→ EXERCISE INSTRUCTIONS:
Copy out exactly the lines spanning the line with "The second half" to the line with "中国十七冶荣获2023年度党建与企业文化建设多项荣誉及成果", inclusive, from the data underneath, with no pictures.

→ EXERCISE MATERIAL:
══════════════════════════════

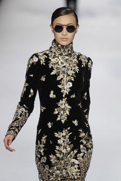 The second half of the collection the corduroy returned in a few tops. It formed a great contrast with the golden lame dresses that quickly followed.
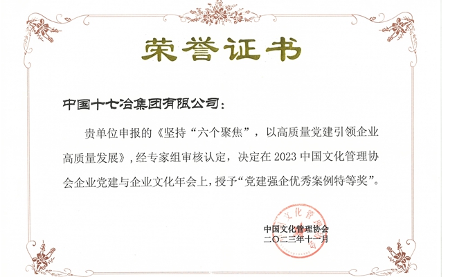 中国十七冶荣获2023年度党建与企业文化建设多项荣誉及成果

══════════════════════════════

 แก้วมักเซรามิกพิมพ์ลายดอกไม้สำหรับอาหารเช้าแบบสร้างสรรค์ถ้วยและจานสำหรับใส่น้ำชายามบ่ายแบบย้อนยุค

══════════════════════════════

→ YOUR RESPONSE:
 The second half of the collection the corduroy returned in a few tops. It formed a great contrast with the golden lame dresses that quickly followed.
 中国十七冶荣获2023年度党建与企业文化建设多项荣誉及成果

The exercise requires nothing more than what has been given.